[INPUT FOR THIS TASK]:
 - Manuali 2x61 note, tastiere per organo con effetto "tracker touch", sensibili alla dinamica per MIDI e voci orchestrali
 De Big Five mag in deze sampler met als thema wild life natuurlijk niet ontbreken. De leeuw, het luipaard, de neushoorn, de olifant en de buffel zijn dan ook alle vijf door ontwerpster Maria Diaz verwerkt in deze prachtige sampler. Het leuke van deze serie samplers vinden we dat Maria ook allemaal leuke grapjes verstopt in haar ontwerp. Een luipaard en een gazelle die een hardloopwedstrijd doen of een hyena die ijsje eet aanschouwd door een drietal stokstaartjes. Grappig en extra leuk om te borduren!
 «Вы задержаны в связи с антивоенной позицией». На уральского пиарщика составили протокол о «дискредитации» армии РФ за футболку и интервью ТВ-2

--

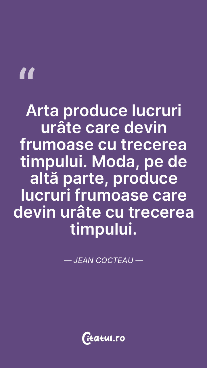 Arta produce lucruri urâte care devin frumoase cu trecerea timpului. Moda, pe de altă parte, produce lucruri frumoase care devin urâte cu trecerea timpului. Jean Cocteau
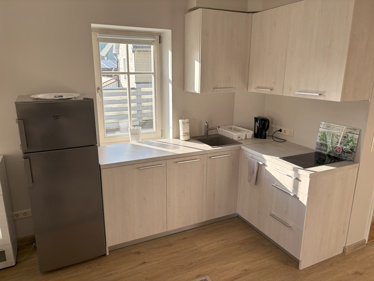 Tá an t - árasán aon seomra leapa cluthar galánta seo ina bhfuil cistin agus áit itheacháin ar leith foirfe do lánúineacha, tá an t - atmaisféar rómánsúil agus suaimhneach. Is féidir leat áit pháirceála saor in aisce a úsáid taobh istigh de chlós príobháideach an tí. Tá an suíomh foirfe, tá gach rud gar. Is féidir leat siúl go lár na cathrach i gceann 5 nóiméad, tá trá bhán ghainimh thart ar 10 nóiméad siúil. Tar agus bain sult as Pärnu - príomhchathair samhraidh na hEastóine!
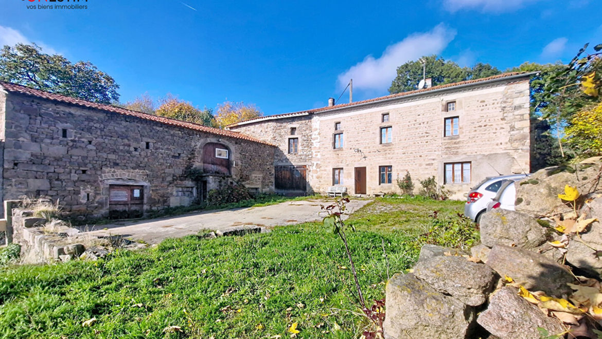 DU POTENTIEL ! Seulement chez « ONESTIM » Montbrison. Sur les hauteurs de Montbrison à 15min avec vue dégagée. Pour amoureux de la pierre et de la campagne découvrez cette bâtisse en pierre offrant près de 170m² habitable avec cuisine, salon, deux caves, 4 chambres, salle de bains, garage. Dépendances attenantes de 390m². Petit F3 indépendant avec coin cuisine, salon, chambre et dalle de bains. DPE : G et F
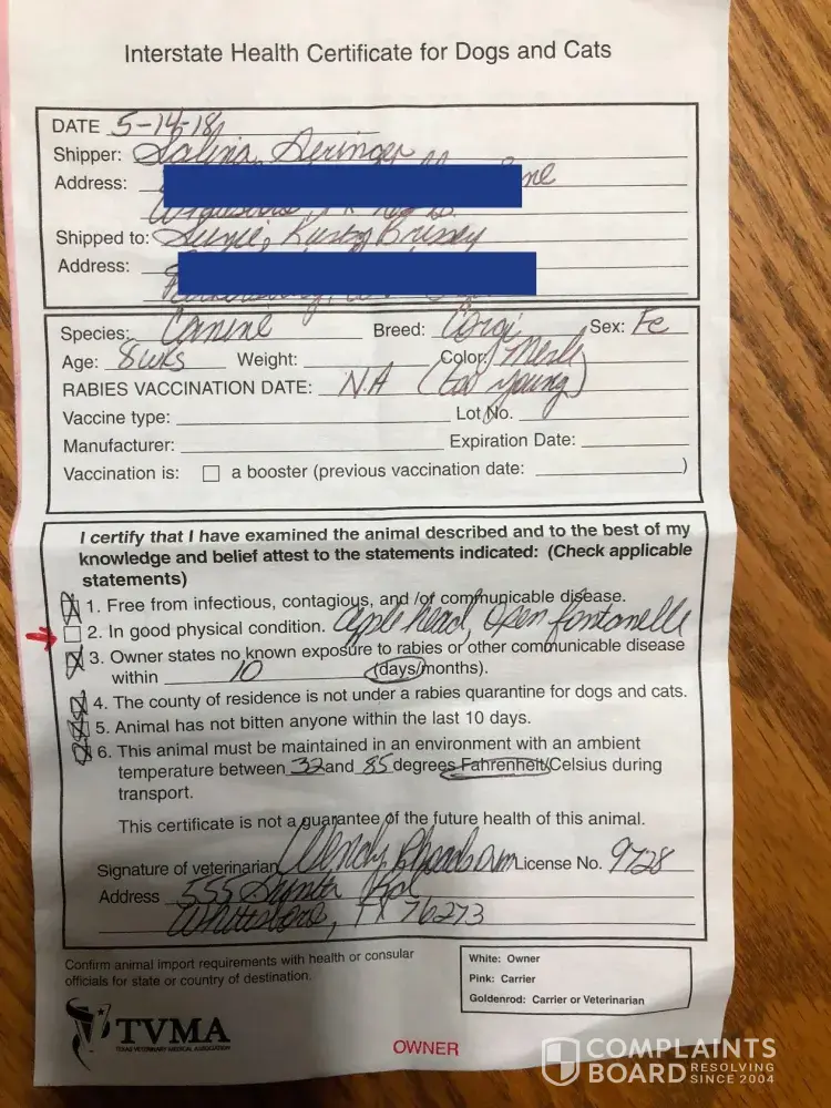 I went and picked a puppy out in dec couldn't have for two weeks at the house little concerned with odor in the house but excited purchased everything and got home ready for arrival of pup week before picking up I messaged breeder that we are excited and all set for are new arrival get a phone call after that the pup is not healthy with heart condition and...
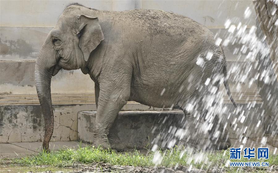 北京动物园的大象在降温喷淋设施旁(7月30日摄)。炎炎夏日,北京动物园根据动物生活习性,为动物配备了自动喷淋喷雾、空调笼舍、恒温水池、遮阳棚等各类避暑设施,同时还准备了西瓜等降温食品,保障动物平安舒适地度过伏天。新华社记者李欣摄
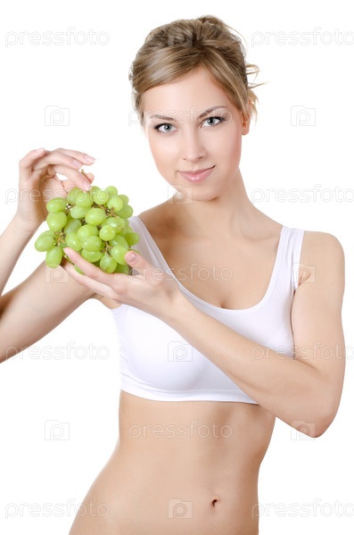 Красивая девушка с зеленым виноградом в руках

[TASK STATEMENT]: One stretch of the lines above is wanted, from the line that contains "De Big Five" through the line that contains "и интервью ТВ-2". Output it exactly.

[SOLUTION FOR THIS PROBLEM]:
 De Big Five mag in deze sampler met als thema wild life natuurlijk niet ontbreken. De leeuw, het luipaard, de neushoorn, de olifant en de buffel zijn dan ook alle vijf door ontwerpster Maria Diaz verwerkt in deze prachtige sampler. Het leuke van deze serie samplers vinden we dat Maria ook allemaal leuke grapjes verstopt in haar ontwerp. Een luipaard en een gazelle die een hardloopwedstrijd doen of een hyena die ijsje eet aanschouwd door een drietal stokstaartjes. Grappig en extra leuk om te borduren!
 «Вы задержаны в связи с антивоенной позицией». На уральского пиарщика составили протокол о «дискредитации» армии РФ за футболку и интервью ТВ-2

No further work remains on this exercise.